使用自定义转换器重载 Torch-TensorRT 转换器¶

如果由于某种原因您想要更改特定 PyTorch 操作到 TensorRT 的转换行为，可以通过编写自定义转换器并重载 Torch-TensorRT 的来实现。这可能是因为您想使用自定义核而不是 TensorRT 的核，或者因为您想在 TensorRT 中使用与 Torch-TensorRT 通常使用的实现不同的层实现。

在本教程中，我们将演示如何使用一个自定义转换器来重载 Torch-TensorRT 将 torch.nn.functional.gelu 操作转换为 TensorRT 的过程，该自定义转换器使用了 GeLU 层的不同实现。

import logging
import sys

import torch
import torch_tensorrt

GeLU 在 PyTorch 中有两种模式，一种使用 erf 函数，另一种使用 tanh 近似。TensorRT 本身支持这两种实现作为激活层，但假设我们只想在 tanh 模式下在 TensorRT 中使用 GeLU 的自定义实现。

class GeLU(torch.nn.Module):
    def __init__(self, mode="tanh"):
        super().__init__()
        self.mode = mode

    def forward(self, x):
        return torch.nn.functional.gelu(x, approximate=self.mode)

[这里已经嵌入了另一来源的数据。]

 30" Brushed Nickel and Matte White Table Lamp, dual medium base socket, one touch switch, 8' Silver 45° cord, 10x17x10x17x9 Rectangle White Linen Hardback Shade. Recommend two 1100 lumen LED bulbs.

my_mod = GeLU(mode="tanh")
ex_input = torch.randn(2, 5).to("cuda")

作为基线，我们可以使用标准的 Torch-TensorRT GeLU 转换器（在 tanh 近似模式下）来处理我们的模块。

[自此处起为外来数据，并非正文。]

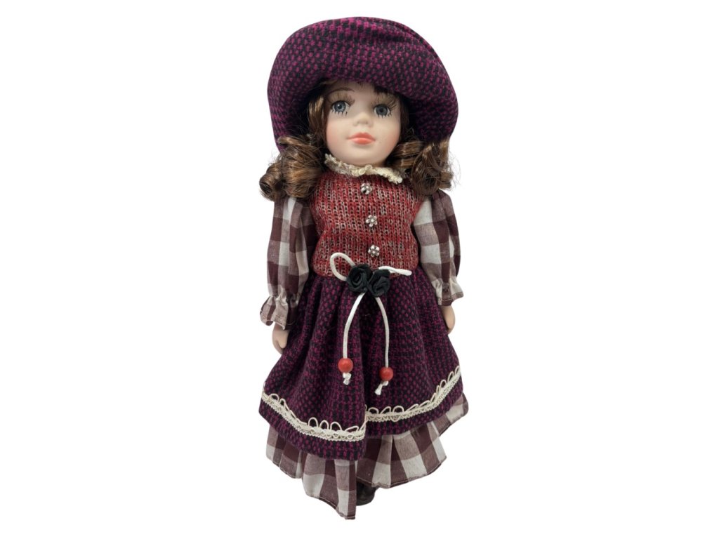 - Porcelánová panenka - tmavovláska s kloboučkem v kostkovaných šatech

my_standard_gelu = torch_tensorrt.compile(
    my_mod, arg_inputs=(ex_input,), min_block_size=1
)
print(my_standard_gelu.graph)
print(my_standard_gelu(ex_input))

编写自定义转换器¶

转换器是函数，它们获取 PyTorch 图中特定 PyTorch 操作实例，并将其转换为正在构建的 TensorRT 图中的等效 TensorRT 操作集。它们使用 @torch_tensorrt.dynamo.conversion.dynamo_tensorrt_converter 装饰器注册到 Torch-TensorRT。在代码层面，转换器接收当前的转换状态（ConversionCtx）、图中要转换的下一个操作符以及该节点的参数，并返回该操作的占位符输出，同时副作用是将必要的 TensorRT 层插入到 TensorRT 网络中。

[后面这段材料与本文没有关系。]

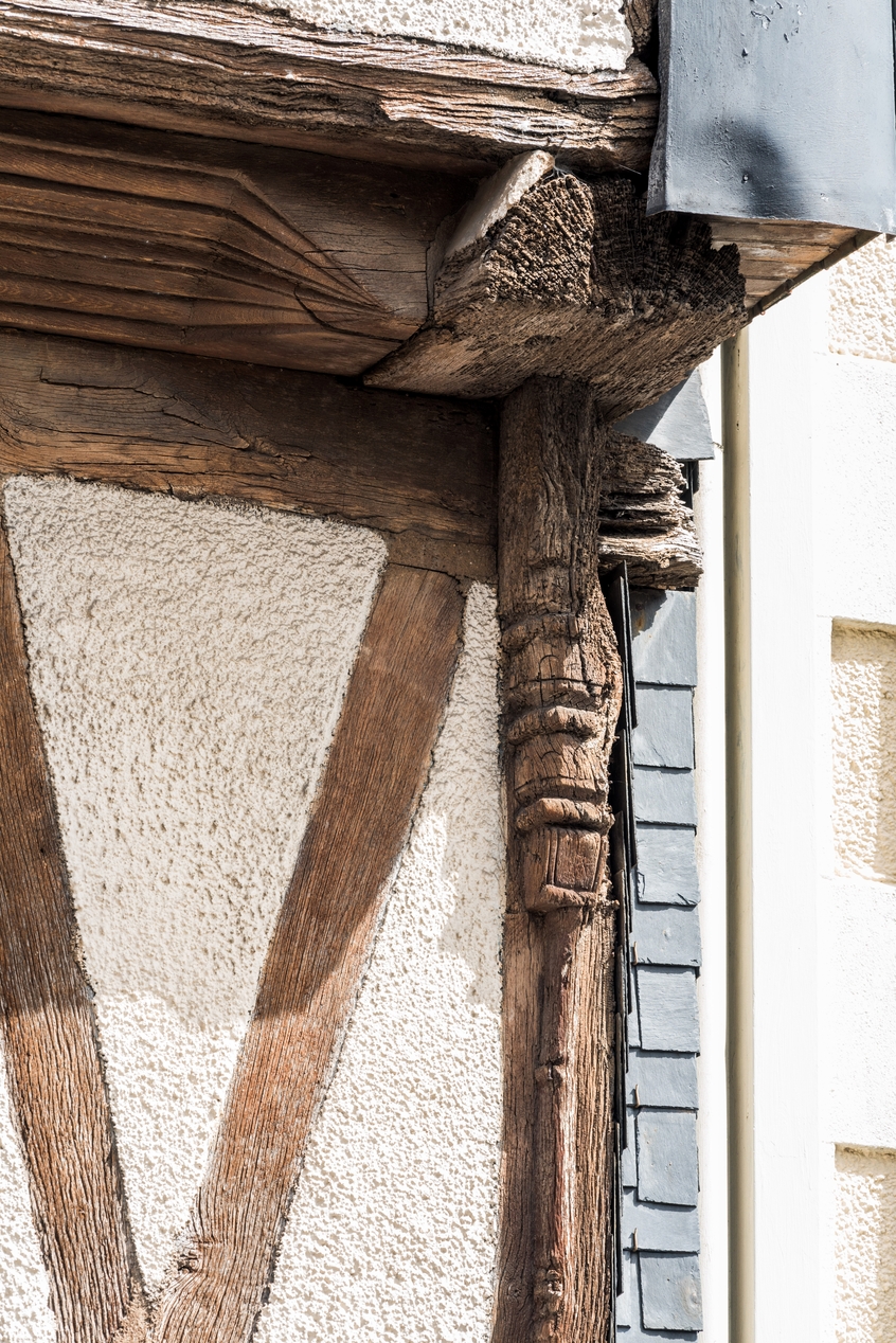 Détail du pigeâtre sculpté qui renforce l'assemblage entre la tête de solive et le poteau.

from typing import Dict, Sequence, Tuple, Union

import tensorrt as trt
from torch.fx.node import Argument, Node, Target
from torch_tensorrt.dynamo import CompilationSettings
from torch_tensorrt.dynamo.conversion import ConversionContext

转换器元数据¶

@torch_tensorrt.dynamo.conversion.dynamo_tensorrt_converter(
    # The PyTorch operation to convert, when this operation is encountered, this converter will be called
    torch.ops.aten.gelu.default,
    # Validators are functions that determine that given a specific node, if it can be converted by the converter
    capability_validator=lambda node, settings: (
        "approximate" in node.kwargs and node.kwargs["approximate"] == "tanh"
    ),
    # Can this converter be used in cases where the input shapes are dynamic
    supports_dynamic_shapes=True,
    # Set the priority of the converter to supersede the default one
    priority=torch_tensorrt.dynamo.conversion.ConverterPriority.HIGH,
    # Whether the converter requires a dynamic output allocator to run (e.g. data dependent ops)
    requires_output_allocator=True,
)

对于定义转换器的装饰器，有一个必需参数和几个可选参数。所有转换器都需要一个目标操作符，其理念是当图中存在 torch.ops.aten.gelu.default 的实例时，将调用此转换器。

在目标操作符之后，您可以提供额外的元数据，这些元数据定义了转换器的能力以及该转换器相对于针对该目标的其他可能转换器的优先级

定义转换器能力的主要工具是 capability_validator 参数，它是一个 lambda 函数，接受图中的特定节点以及用户编译设置，并返回一个布尔值，指示该转换器是否可用于该节点。这个验证器函数在图分区阶段之前针对转换器目标操作的每个实例运行。在此阶段没有通过验证器的转换器的节点将在运行时在 PyTorch 中执行。这在您只想在特定情况下使用自定义转换器时非常有用，就像在我们只希望在 approximate == "tanh" 时使用我们的转换器的情况一样。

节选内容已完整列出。